Proposing a Verifiable Anonymous Voting System Based on Encrypted Email and Git

__version__ = "0.6.0" (2020-11-23 13:49:00)

Preliminary Notes

The following thoughts were triggered by the turbulences around the US presidential elections 2020, the ongoing protests in Belarus, allegations of election fraud in Tanzania and the discussion about voting on online party conventions in Germany. I am neither an expert in (online) voting systems nor in cybersecurity. Instead I am just a regular user of encrypted email and git and I am interested in how groups can manage the problem of decision-making without disintegrating.

As the above version number suggests the proposal has evolved since its initial publication mainly due to feedback. The following text is probably not trivial to understand. Visualization and text might complement each other.

The proposal does contain some flaws which I am aware of and probably some more. Nevertheless, it might be a starting point for something working.

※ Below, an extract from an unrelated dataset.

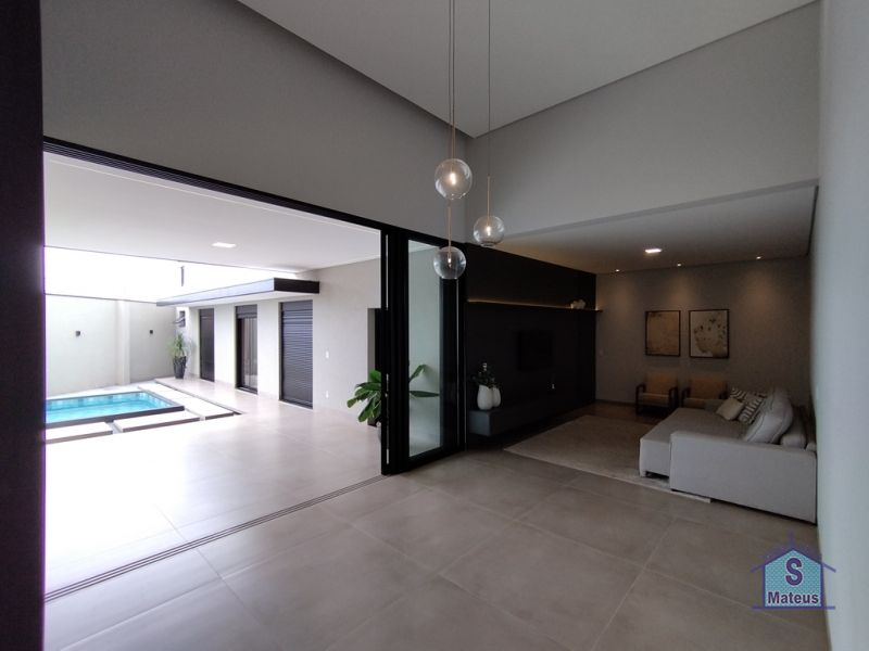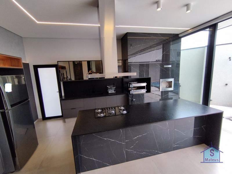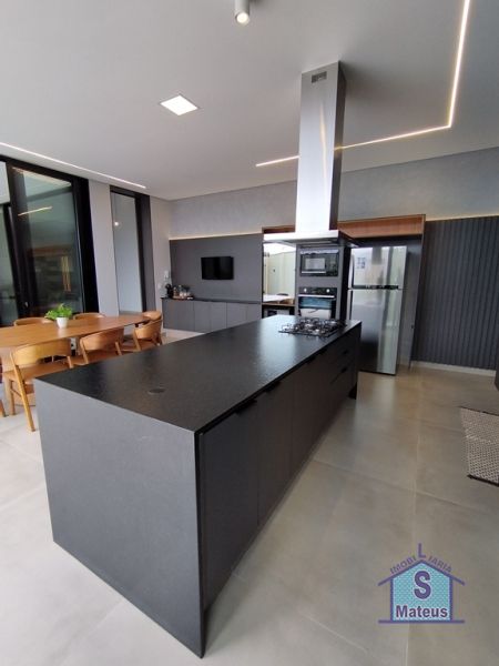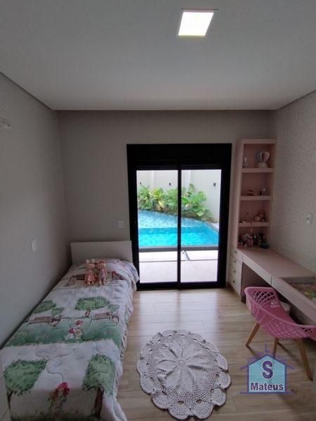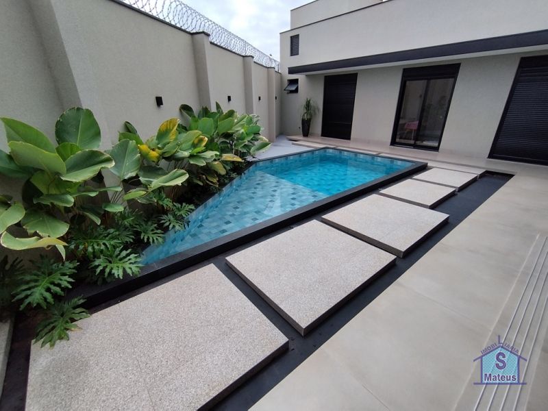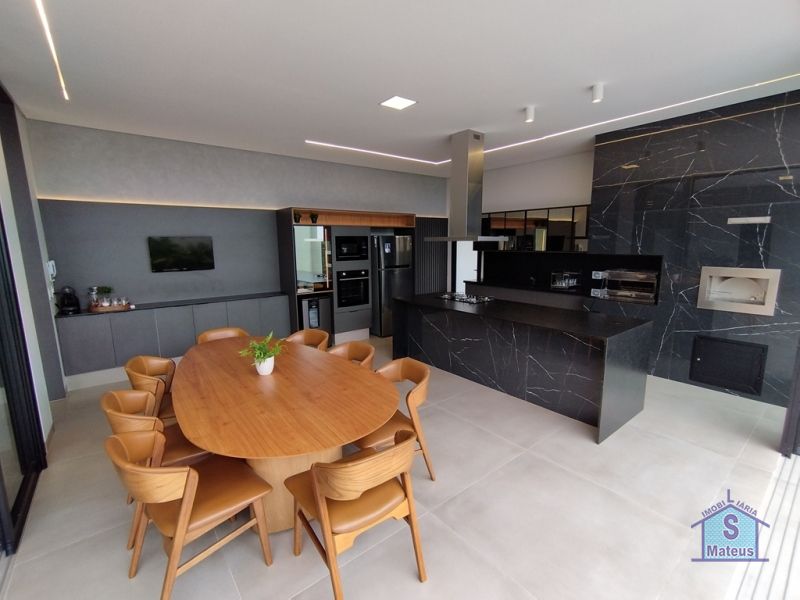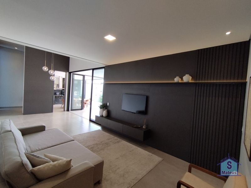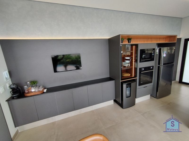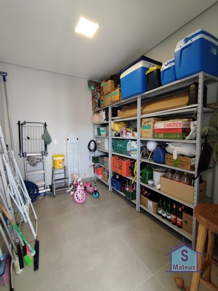 Casa semi nova com 03 dormitórios, sendo um com armários planejados e bancada para estudo, e outro suíte com espaço para closet; banheiro social, sala de jantar, sala de tv com home; cozinha gourmet com armários planejados, ilha, churrasqueira, forno à lenha, cooktop, coifa, forno e microondas embutidos; lavanderia, depósito, varanda, piscina com sistema de aquecimento solar, ampla garagem (para até quatro autos), sistema de produção próprio de geração de energia (fotovoltaico) e sistema de aquecimento solar para banhos e torneiras.

Important: The assumptions/requirements below are obviously unrealistic (E.g. "Each user can use git and gpg"). They are stated this way to simplify the explanation of the voting protocol. I am confident that they can be relaxed w.r.t. to usability and robustness with a more elaborated approach and by implementing most of the user-activities in an (optional) open-source software frontend. However, the assumptions mainly serve to keep the discussion focussed to the backend mechanics.

Motivation

(This section was included later in response to questions and criticism. It is not necessary to technically understand the rest.)

Why Should the Free Software Community Think About Online Voting?

Currently high medial awareness due to US presidential elections and a significant amount of people who claim irregularities.
Good chance to point out the importance of transparency, credibility, signatures, encryption, and anonymity.
Good chance to raise awareness for established tools like git, gpg or openPGP.
Good possibility to point out an positively framed use case for online anonymity.
If digital voting will come, it must at least be based on Free and Open Source Software and community-approved concepts.
The usage of established tools (git, gpg, ...) increase the level of understandability (e.g. compared to blockchain-based approaches).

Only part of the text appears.